Your feeble, desperate supplication sounds pitiable even to you. You’re not proud, but you can’t find it in yourself to be ashamed, either. All you want is an answer. But it’s like a child asking why the sky is blue, or the earth is round. There is a definitive explanation, but mostly, the adult will shrug, and say, that’s just how it is.
Spencer’s eyes squeeze shut. His head tilts down.
“We can’t do this again, sweetheart. You know why we’re not together.”
In theory—yes. You’d had so many conversations when you’d broken up. It had been a long, painful process, spanning multiple all-nighters at his kitchen table, nursing coffee and trying to convince each other and yourselves that it was the right choice. But it just feels like a horrible, horrible mistake. You feel desperate to explain this to him before he slips away again—the words come out flustered, inelegant as you cling to him.
“But I don’t think I’m getting better without you.

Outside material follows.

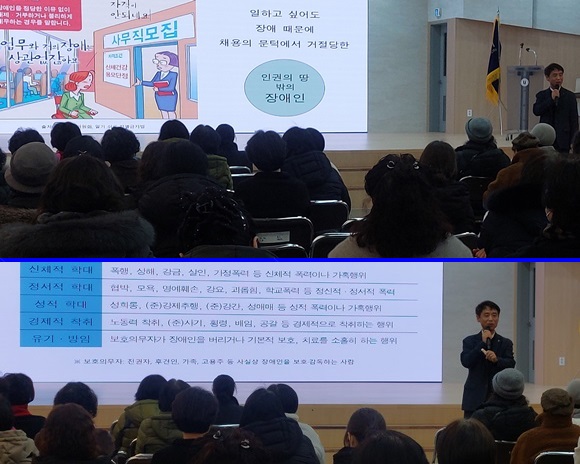 °ûº´±Ç ºÎõ½ÃÀå¾ÖÀÎÀαǼ¾ÅÍÀåÀÌ Áö³­ 3ÀÏ Àå¾ÖÀΠȰµ¿Áö¿ø»çµéÀ» ´ë»óÀ¸·¯ ÀαDZ³À°À» ½Ç½ÃÇϰí ÀÖ´Ù.(»çÁø= ºÎõ½Ã Á¦°ø)

I tried, I tried so hard to be good on my own, but everything is worse and harder and—and we weren’t sure about it then, and I don’t think it was the right choice, because I still really need you. Like, all the time. I’m—it’s not getting better without you. Nothing got better.”
He swallows, eyes darting between yours for an infinite second. You’re breathless and your heart is pounding after your confession—you can feel your eyes stinging with the few tears that managed to escape as you spoke.
“Everything is worse,” he agrees shakily. “Everything. I’m—I’m getting disciplinary infractions from Hotch like I’m a child because I can’t focus on anything. Game of Thrones is the most complex literature I can comprehend right now. I had to use a calculator the other day.”
You want to laugh, but nothing is funny until he’s yours again.
“Then come back. Please come back, Spencer.”
Finally, he leans closer, until your heads are pressed together, and his nose bumps yours, feather light. You're dizzy. You exhale. He inhales.
“I don’t think I knew how to leave in the first place.”
When he kisses you, it feels like home.